Desde hacía años, el cerebro de Martina almacenaba un registro de voces. La subinspectora adoraba los timbres graves, como el de Lagreca, realmente, que hacían resonar en ella arpegios heroicos, una épica de batallas perdidas y estandartes arrastrados por el polvo. Aborrecía, en cambio, las voces agudas, la de Juan Monzón. La reconfortaban los tonos guturales, el de Horacio Muñoz, por ejemplo, tan profundo y melódico. Le agradaban las voces jerárquicas, metálicas, nacidas para mandar, como la de Conrado Satrústegui, aunque ahora, a causa de su ordalía, la voz del comisario se hubiera envilecido con un inseguro repique. Eran del indiferente gusto de la detective los tonos medios, discretos, elegantes, y de su franca oposición la banda de entonaciones melifluas, amaneradas por las modas sociales, que, unidas a una vicaria dicción, sólo conseguían irritarla. Tampoco le seducían los acentos, por lo que de étnico, tribal o gregario aducían, ni conseguían transportarla las voces que acunaban vanidad. En esta última etiqueta había incluido Martina los timbres de Néstor Raisiac y de Cristina Insausti, que habría distinguido entre mil, a condición de que entre ese elenco no figurasen otros catedráticos, ni hombres de Dios, ni locutores de radio. Martina había amado sobre todas las voces las de su padre y de su hermano Leo, tan similares que, incluso mucho después de que Leo ya no se encontrase en la tierra, seguía oyendo a su hermano, encarnado en el embajador, reclamando las tostadas del desayuno o contestando el teléfono en el salón de los De Santo.
Martina siguió concentrándose en la voz de Tiresias al recitar los inmortales monólogos de Sófocles, cuyas salmodias resonaban en la platea como un profano evangelio.
—Tengo que salir a fumar —le dijo al comisario.
—¿No puede resistir?
—El vicio es más fuerte que yo.
—¿Quiere que la acompañe?
—Se perdería el final, y no me lo podría perdonar.
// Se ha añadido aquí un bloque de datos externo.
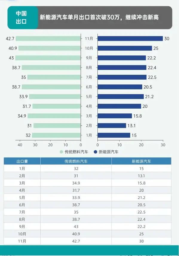出口數(shù)據(jù)也相當可觀。今年前11個月,中國汽車出口634.3萬輛,同比增長18.7%,其中新能源汽車出口231.5萬輛,同比增長翻倍。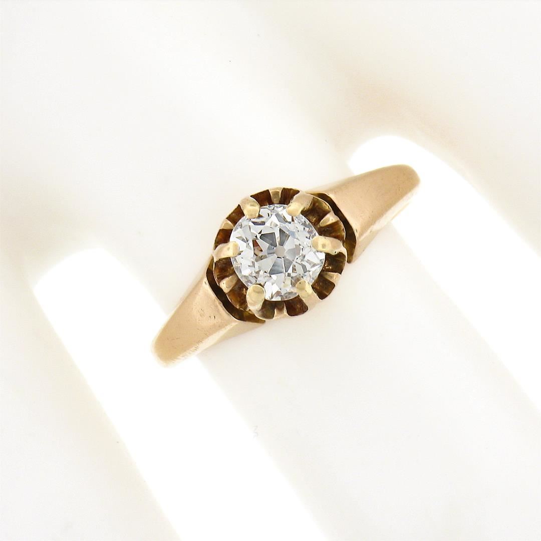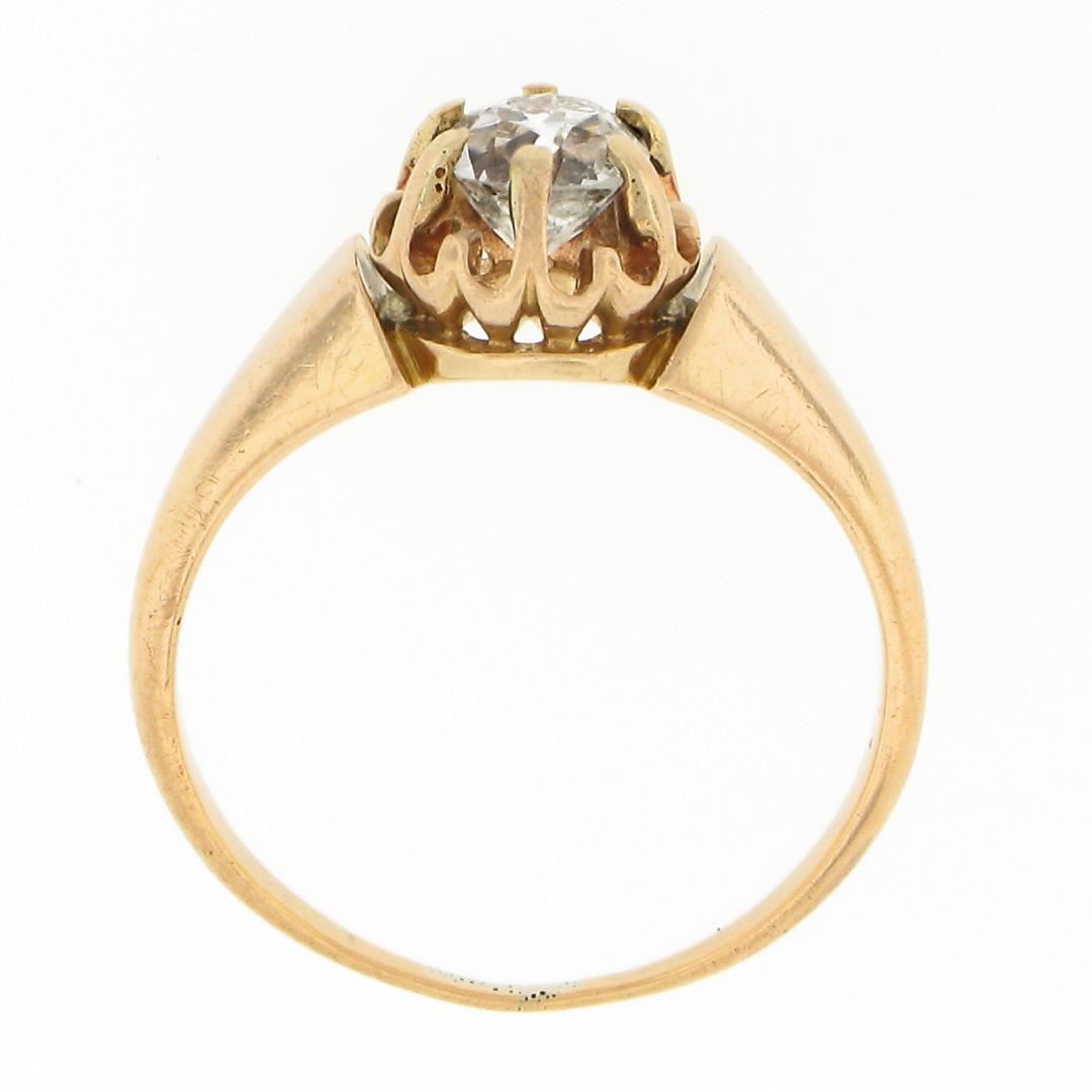 An antique solid 18k yellow gold engagement ring, with 1 old mine cut natural diamond (I - VS2 ; 0.65ct). The ring is size 5.5, weighs a total of 2.83 grams, and measures 7.15mm wide.

La subinspectora cerró la puerta del palco y encendió un cigarrillo, pero no se quedó a fumarlo en el antepalco ni en los ovalados corredores forrados de una espesa seda de color albaricoque. Bajó a la carrera las escaleras del teatro y pidió al acomodador un pase de salida.
Fuera, en la calle, detuvo un taxi e indicó al conductor que la llevara aprisa a la Comisaría Central. Calculaba que, si pretendía estar de vuelta para aplaudir a los actores, no dispondría de más de media hora para despejar una duda que estaba asaltándola.